25 Millionen investiert

Der Aufbau von Publix und die Infrastruktur wurden von der Schöpflin-Stiftung finanziert, die sich bei Publix auch weiterhin engagiert. Stifter Hans Schöpflin bezifferte die bisherigen Investitionen für den Neubau mit rund 4000 Quadratmetern Nutzfläche sowie für die Konzeptions- und Vorbereitungsphase gegenüber der KNA auf über 25 Millionen Euro. Von Anfang an wurde das Projekt auch von der Stiftung Mercator Schweiz und der Zeit Stiftung Gerd Bucerius unterstützt.

 

Eine Hauptzielgruppe sind gemeinnützige Medieninitiativen, „Publix“ steht aber auch gewinnorientierten Unternehmen offen.

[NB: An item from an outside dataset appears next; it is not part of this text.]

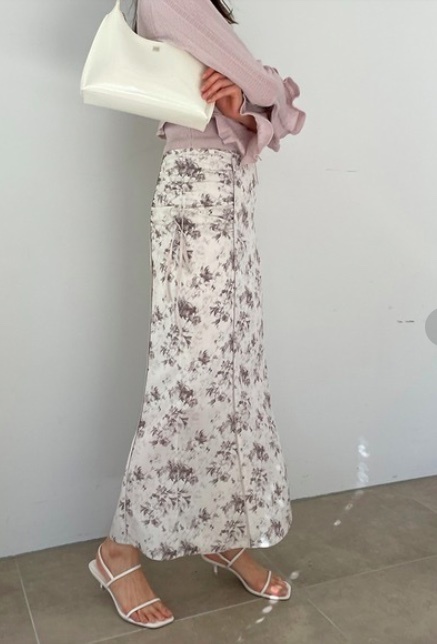 > ★夏秋デート完売大人気【SNIDELスナイデル】サイドギャザーナロースカート★上品ベージュ花柄★旅行オフィス初秋の後楽通勤通学★

Dazu gehört unter anderem ein Ableger des Münchner Verlags Wort & Bild („Apotheken-Umschau“) oder die auf Dokumentationen spezialisierte Filmproduktionsfirma TellMeWhy. Dazu kommen Initiativen wie die Lie Detectors, die in Schulen Medienkompetenz vermitteln und über Desinformation aufklären oder Tactical Tech, ein Projekt für kritisches Technologie-Denken. Bekannte große Partner aus dem Bereich Journalismus sind das gemeinnützige Recherche-Netzwerk Correctiv, das schon lange von der Schöpflin-Stiftung unterstützt wird, und die Organisation Reporter ohne Grenzen.

 

Zu zwei Dritteln aus Mieteinnahmen finanziert

Die Nutzung der Infrastruktur ist bei „Publix“ kostenpflichtig. Schon der Jahresetat 2024 werde zu zwei Dritteln aus Mieteinnahmen erzielt, den Rest schieße weiter die Schöpflin-Stiftung zu, so Exner. Die Kosten pro Arbeitsplatz betragen nach Publix-Angaben 250 bis 500 Euro pro Monat.

 

„Marktwirtschaftliche Akteure bekommen ein marktübliches Angebot, für gemeinnützige Projekte gibt es bis zu 30 Prozent Rabatt“, so Exner. Auch freie Journalistinnen und Journalisten können Ermäßigungen erhalten. Dabei verstehe sich „Publix“ als „sicheres Zuhause mit einer planbaren Nutzungsdauer ohne die am freien Markt übliche Gefahr einer plötzlichen Kündigung, wie sie gerade im harten Berliner Immobilienmarkt oft vorkommt“.

 

Für die Schöpflin-Stiftung sei es „immer wichtig, ein öffentliches Haus zu sein“, sagte deren Geschäftsführer Tim Göbel. „Hier kann jeder rein und mal gucken, ob sich Anknüpfungspunkte finden. Das gibt es bei einem klassischen Verlagshaus nicht.“

 

Dabei sei „Publix“ grundsätzlich für alle offen, „solange sie mit unserem Hauptzweck Journalismus zu tun haben“, so Exner. „Nein“ gesagt habe sie daher bei einer Tierschutzorganisation. Inhaltlich-redaktionell setze „Publix“ auf „Binnenpluralität, die auch in guten Redaktionen besteht“. Daher sei man auch offen für konservative Initiativen, sagte Exner.

 

Am Donnerstag startet der „Publix“-Betrieb mit einer Medien-Fachkonferenz, am Samstag ist dann ein „Open-House“-Tag geplant, an dem sich alle über das Haus und seine Projekte informieren können.